To handle this behavior, one idea would be to ensure that comments don't move across tokens when pretty-printed. We could implement this by attaching comments to individual tokens. The AST currently stores all tokens, so this actually wouldn't be a huge change. Then the pretty-printer just has to handle "reflowing" the comment, e.g. adjusting indentation.

from smlfmt.

shwestrick avatar shwestrick commented on May 25, 2024

I've done a little digging. Unsurprisingly, lots of people have dealt with the same issue. The umbrella concept is a concrete syntax tree aka CST.

For example:

The most popular solution appears to just be to store everything explicitly. Nothing fancy. I'm inclined to go in this direction for the sake of simplicity, and because it aligns well with the current strategy of "storing every token". In some sense, our Ast type is already halfway to a CST.

The simplest thing to do now would be to start by adding an additional Token variant for whitespace. (We already have a Comment variant.) Then we put this "extra" stuff into the Ast, and perhaps change its name to Cst.

The type of each "extra" element would be Token.t Seq.t where each token is a comment or whitespace.

from smlfmt.

shwestrick avatar shwestrick commented on May 25, 2024

One way to put extra stuff into the Ast is to identify it at the shallowest possible node. The result is that we see extra elements "between" items.

For example, Ast.Exp.IfThenElse could be changed to look like below. Note that there isn't any extra at the beginning, nor at the end. This is pretty verbose, and would require changing every Ast node.

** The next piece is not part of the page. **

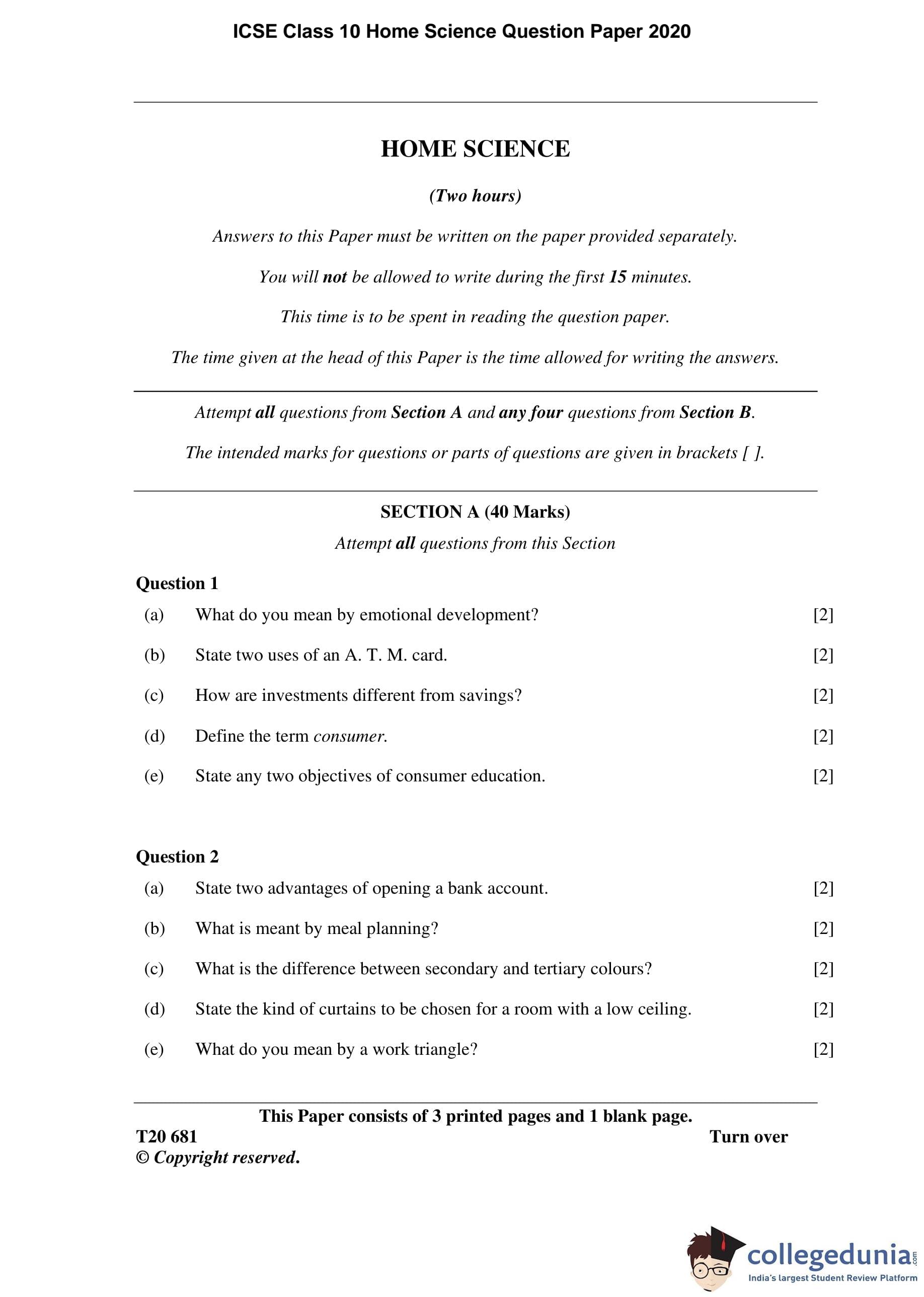 | ICSE Class 10 Home Science Question Paper 2020 PDF | ICSE Class 10 Home Science Answer Key 2020 PDF |
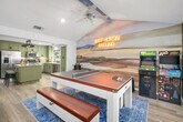 This 3-bedroom home in San Antonio, TX, is packed with amenities for an unforgettable vacation. Feel at home with features like a private pool, hot tub, fire pit, outdoor patio and dining area, BBQ grill, and ample parking. Inside, enjoy a fully stocked kitchen, TVs in each bedroom, and a dedicated workspace. Tucked away in a quiet neighborhood, this spacious 3-bedroom, 2-bathroom home accommodates up to 12 guests, making it perfect for family vacations or group trips. The game area offers ping pong, pool, and arcade games, while the backyard oasis includes a pool, hot tub, fire pit, and outdoor games for sunny Texas days and starry nights. Up to 2 dogs are allowed for $125 per stay, but no cats, please. Parking is available for up to 4 cars in the driveway and street. Explore nearby attractions like the San Antonio Zoo, River Walk, and The Alamo, all within 10 miles. Enjoy dining at the Pearl District or Historic Market Square, and discover the arts at La Villita Historic Arts Village. Conveniently get around by car or rideshare services like Uber and Lyft. Check-in is at 4pm and check-out is at 10am. Quiet hours are from 10pm to 8am. No parties are allowed, and violations may result in immediate termination of the stay. An exterior camera is installed for monitoring the cleaning team. Guests must be 21 years or older to book this property. Includes a dedicated workspace in the main bedroom, equipped with a desk and chair. A laptop computer is not included. Registration Number: STR-25-13500720 [SI]

But certainly it is very self explanatory, and the span (leftmost and rightmost source pos) of each node is as "compact" as possible.

datatype exp =
  ...
| IfThenElse of
    { iff: Token.t
    , extra_after_iff: extra
    , exp1: exp
    , extra_after_exp1: extra
    , thenn: Token.t
    , extra_after_thenn: extra
    , exp2: exp
    , extra_after_exp2: extra
    , elsee: Token.t
    , extra_after_elsee: extra
    , exp3: exp
    }
| ...

from smlfmt.

shwestrick avatar shwestrick commented on May 25, 2024

To cut down on the verbosity, we could reuse the same trick as how "delimiters" are stored in the AST, where we use a sequence of N-1 things to go between each of N things.

With the approach, most Ast nodes get just a single additional field of extra_between items.

For example with IfThenElse:

| IfThenElse of
    { iff: Token.t
    , exp1: exp
    , thenn: Token.t
    , exp2: exp
    , elsee: Token.t
    , exp3: exp
    , extra_between: extra Seq.t   (** length 5 *)
    }

The alignment is:

if   exp1   then   exp2   else   exp3
   ^      ^      ^      ^      ^           (5 things between)

A more interesting example might be the Ast.Exp.DecMultiple node which is for sequences of core declarations. The "elems" are individual declarations and the "delims" are the (optional) semicolons between them. We would then have an additional sequence of "extra" stuff:

    (** dec [[;] dec ...] *)
    | DecMultiple of
        { elems: dec Seq.t
        , delims: Token.t option Seq.t
        , extra_between: extra Seq.t    (** whitespace and comments between every elem and delim *)
        }

The idea here is that for N declarations, there would be N-1 delimiters, and 2*(N-1) extra elements:

elems         dec1   dec2   dec3      ...  dec(N-1)   decN
delims             ;      ;       ;   ...           ; 
extra_between     ^ ^    ^ ^     ^ ^  ...          ^ ^

Note that this is equivalent to what I described in the previous comment, but is much less verbose in how the type is written. I'm not convinced it's much of an improvement, though.

from smlfmt.

shwestrick avatar shwestrick commented on May 25, 2024

Okay, it's been a few days. These previous ideas were a bit too deep-fried... the effort required would be massive for such a small gain. I'm beginning to believe that whitespace/comments really aren't tree-structured at all, and might not belong in the CST.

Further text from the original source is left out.